CNO RPN/CNO RPN Practice Test Answered
Case Information: Mrs. Jackson, 58 years old, has been admitted to a 4 bed room on a medical unit with a
... [Show More] diagnosis of pneumonia.
1. The physician’s orders for Mrs. Jackson include sputum specimen for culture and sensitivity and acid-fast bacilli(AFB). What is the correct method for the client to collect the sputum specimen?
A) Rinse mouth with mouthwash and collect specimen after breakfast.
B) Collect specimen in a sterile container at bedtime after deep breathing and coughing.
C) Collect specimen at breakfast after rinsing mouth with water.
D) Rinse mouth with water and collect at bedtime.
2. Mrs. Jackson’s sputum specimen has come back positive for ABF, and a diagnosis of tuberculosis has been made. Which nursing intervention is best?
A) Move Mrs. Jackson to a private room using reverse isolation.
B) Use enteric isolation precautions when providing care for Mrs. Jackson.
C) Use disposable dishes and equipment in Mrs. Jackson’s room.
D) Move Mrs. Jackson to a private room with negative air flow.
3. Mrs. Jackson has to go to the Radiology department for a chest X-ray. What should the practical nurse do?
A) Have Mrs. Jackson wear a mask while out of her room.

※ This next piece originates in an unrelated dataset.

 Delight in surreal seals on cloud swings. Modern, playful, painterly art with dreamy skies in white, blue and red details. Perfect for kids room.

B) Suggest that a portable X-ray be brought to Mrs. Jackson’s room.
C) Alert the Radiology Department and advise all staff to wear a mask.

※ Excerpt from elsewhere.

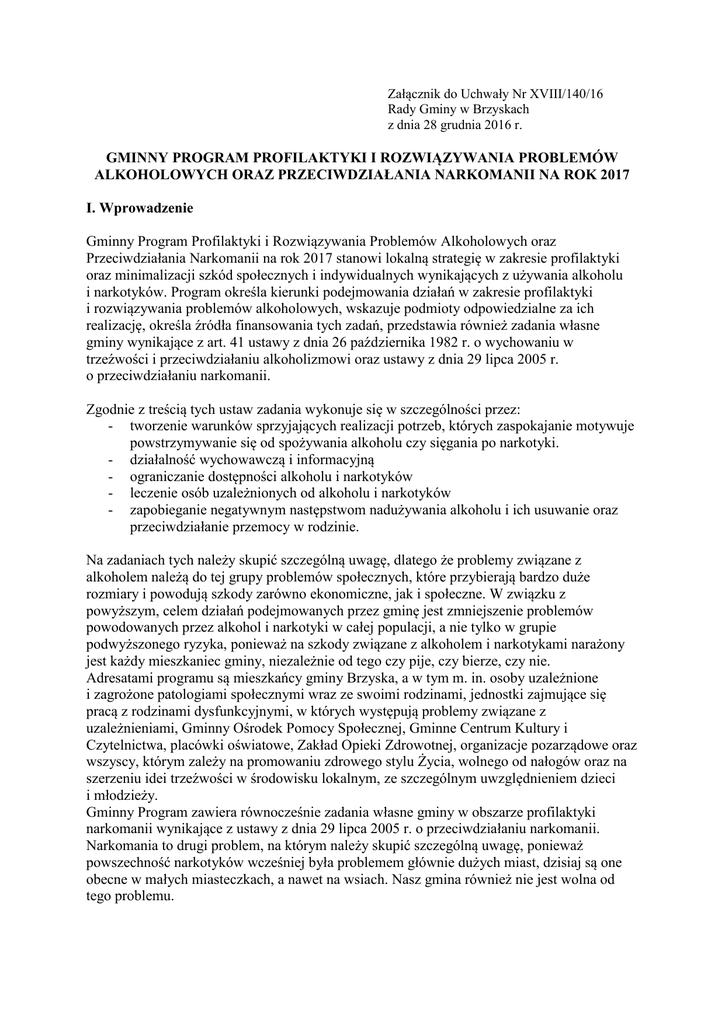 Załącznik do Uchwały Nr XVIII/140/16 Rady Gminy w Brzyskach z dnia 28 grudnia 2016 r. GMINNY PROGRAM PROFILAKTYKI I ROZWIĄZYWANIA PROBLEMÓW ALKOHOLOWYCH ORAZ PRZECIWDZIAŁANIA NARKOMANII NA ROK 2017 I. Wprowadzenie Gminny Program Profilaktyki i Rozwiązywania Problemów Alkoholowych oraz Przeciwdziałania Narkomanii na rok 2017 stanowi lokalną strategię w zakresie profilaktyki oraz minimalizacji szkód społecznych i indywidualnych wynikających z używania alkoholu i narkotyków. Program określa kierunki podejmowania działań w zakresie profilaktyki i rozwiązywania problemów alkoholowych, wskazuje podmioty odpowiedzialne za ich realizację, określa źródła finansowania tych zadań, przedstawia również zadania własne gminy wynikające z art. 41 ustawy z dnia 26 października 1982 r. o wychowaniu w trzeźwości i przeciwdziałaniu alkoholizmowi oraz ustawy z dnia 29 lipca 2005 r. o przeciwdziałaniu narkomanii. Zgodnie z treścią tych ustaw zadania wykonuje się w szczególności przez: - tworzenie warunków sprzyjających realizacji potrzeb, których zaspokajanie motywuje powstrzymywanie się od spożywania alkoholu czy sięgania po narkotyki. - działalność wychowawczą i informacyjną - ograniczanie dostępności alkoholu i narkotyków - leczenie osób uzależnionych od alkoholu i narkotyków - zapobieganie negatywnym następstwom nadużywania alkoholu i ich usuwanie oraz przeciwdziałanie przemocy w rodzinie. Na zadaniach tych należy skupić szczególną uwagę, dlatego że problemy związane z alkoholem należą do tej grupy problemów społecznych, które przybierają bardzo duże rozmiary i powodują szkody zarówno ekonomiczne, jak i społeczne. W związku z powyższym, celem działań podejmowanych przez gminę jest zmniejszenie problemów powodowanych przez alkohol i narkotyki w całej populacji, a nie tylko w grupie podwyższonego ryzyka, ponieważ na szkody związane z alkoholem i narkotykami narażony jest każdy mieszkaniec gminy, niezależnie od tego czy pije, czy bierze, czy nie. Adresatami programu są mieszkańcy gminy Brzyska, a w tym m. in. osoby uzależnione i zagrożone patologiami społecznymi wraz ze swoimi rodzinami, jednostki zajmujące się pracą z rodzinami dysfunkcyjnymi, w których występują problemy związane z uzależnieniami, Gminny Ośrodek Pomocy Społecznej, Gminne Centrum Kultury i Czytelnictwa, placówki oświatowe, Zakład Opieki Zdrowotnej, organizacje pozarządowe oraz wszyscy, którym zależy na promowaniu zdrowego stylu Życia, wolnego od nałogów oraz na szerzeniu idei trzeźwości w środowisku lokalnym, ze szczególnym uwzględnieniem dzieci i młodzieży. Gminny Program zawiera równocześnie zadania własne gminy w obszarze profilaktyki narkomanii wynikające z ustawy z dnia 29 lipca 2005 r. o przeciwdziałaniu narkomanii. Narkomania to drugi problem, na którym należy skupić szczególną uwagę, ponieważ powszechność narkotyków wcześniej była problemem głównie dużych miast, dzisiaj są one obecne w małych miasteczkach, a nawet na wsiach. Nasz gmina również nie jest wolna od tego problemu. II. Diagnoza problemów uzależnień w gminie Brzyska Gminy, z racji dysponowania największą wiedzą o problemach swoich społeczności, a także o dostępnych zasobach, mogą przedsięwziąć środki zaradcze oraz naprawcze skierowane do lokalnej społeczności. Konkretne działania profilaktyczne wymagają wiedzy o rozmiarach i charakterze zjawiska. Skala zjawiska uzależnienia od alkoholu na terenie gminy jest jednak trudna do precyzyjnego określenia, a poziom spożycia alkoholu, jak i rozpowszechnienie szkodliwych następstw picia, są różne w zależności od środowiska. Problemy związane z alkoholem to: duża dostępność fizyczna i ekonomiczna alkoholu: W gminie Brzyska znajduje się łącznie 12 punktów sprzedaży napojów alkoholowych i według oficjalnych oświadczeń składanych w Urzędzie Gminy przez podmioty gospodarcze w roku 2015 sprzedano alkoholu za kwotę 2 133.996,98 zł. III. Cele Celem Programu w 2017 roku jest: 1. Rozpoznawanie problemów na terenie gminy oraz potrzeb lokalnego środowiska w zakresie pomocy w ich rozwiązywaniu; 2. Zapobieganie powstawaniu nowych problemów: - poszerzanie wiedzy społeczności lokalnej ukierunkowanej na zwrócenie uwagi na problem używania alkoholu i narkotyków przez dzieci i młodzież , - poszerzanie umiejętności rodziców w zakresie ich kompetencji wychowawczych w obszarze profilaktyki zachowań ryzykownych dzieci, - poszerzanie wiedzy osób zajmujących się działaniami profilaktycznymi na temat szkodliwości alkoholu, narkotyków oraz obowiązujących w tym zakresie przepisów prawa; 3. Zmniejszenie rozmiarów problemów, które aktualnie występują: - stwarzanie warunków do prawidłowego funkcjonowania dzieci i młodzieży z rodzin z problemem alkoholowym, narkotykowym i dotkniętych przemocą domową oraz wyrównywanie ich szans, - zwiększanie kompetencji osób pomagających dzieciom i pracujących z rodzinami dotkniętymi problemem uzależnień, - poprawa funkcjonowania dorosłych członków rodzin osób uzależnionych oraz pijących szkodliwie i ryzykownie; 4. Zwiększenie zasobów niezbędnych do radzenia sobie z istniejącymi problemami: - zwiększanie dostępności pomocy terapeutycznej i rehabilitacyjnej dla osób uzależnionych od alkoholu i narkotyków, osób współuzależnionych oraz osób uwikłanych w przemoc, - poszerzanie wiedzy na temat szkód zdrowotnych wynikających z picia szkodliwego oraz uzależnienia od alkoholu i narkotyków, w tym wspieranie instytucji zajmujących się problematyką uzależnień; 5. Edukacja publiczna w zakresie: - informowania o konsekwencjach nadużywania alkoholu i narkotyków, - promocji zdrowego stylu życia, trzeźwości i abstynencji 6. Działalność profilaktyczna polegająca na wspieraniu klubów sportowych działających na terenie gminy, również finansowo, gdyż krzewienie kultury fiz

D) Wear a mask and gloves while transporting her.
4. What action represents appropriate risk management interventions for tuberculosis?
A) Teaching Mrs. Jackson about the medications she is taking for TB.
B) Monitoring the clients exposed to TB for signs and symptoms of the disease.
C) Offering to request a laboratory test for TB for the clients exposed.
D) Placing clients exposed to TB on droplet precautions until laboratory results return.
5. What therapeutic regimen for tuberculosis would be ordered for Mrs. Jackson?
A) A chest X-ray, a cough suppressant and an antibiotic.
B) Follow-up sputum specimens, physiotherapy and a series of chest x-rays.
C) a series of chest X-rays, several antibiotics and follow-up sputum specimens.
D) Follow-up sputum specimens, chest physiotherapy and bronchodilator medications.
Case Information: Ms. Saunders, 23 years old, has been admitted with a diagnosis of anorexia nervosa. She has participated in the development of her care plan.
6. Ms. Saunders states, “Everyone is overreacting to my condition and I would do much better with treatment at home.” What does this statement by Ms. Saunders reflect?
A) Acceptance of her condition.
B) Fear of her condition.
C) Denial of her condition.
D) Understanding of her condition.
7. Which of the following examples from Ms. Saunders’ chart uses appropriate documentation principles?
A) Some symptoms of anorexia present.
B) Encouraged client to discuss feelings.
C) Stated goal is 4KG weight gain.
D) Discussed weight loss with client.
8. What aspect of Ms. Saunders’ care should take priority for the practical nurse?
A) Building a trusting relationship with her.
B) Reviewing the care plan with her.
C) Discussing her nutrition with the dietitian.
D) Assisting her to identify coping skills.
9. Ms. Saunders has lost 1 KG in the past week. What response by the practical nurse would best help Ms. Saunders meet her nutritional needs?
A) “Eating may speed up your discharge.”
B) “Let’s review your goals from your care plan.”
C) “Would you like to see the dietician?”
D) “Shall we take it one day at a time?”
10. The practical nurse notices Ms. Saunders hiding food under her dinner tray and comments on it. Ms. Saunders says, “Quit telling me to eat!” Which response by the practical nurse is most appropriate?
A) “Ms. Saunders, you need to review your nutritional goals.”
B) “You should eat all the food on your tray.”
C) “You have an eating disorder and we want to help you with it.”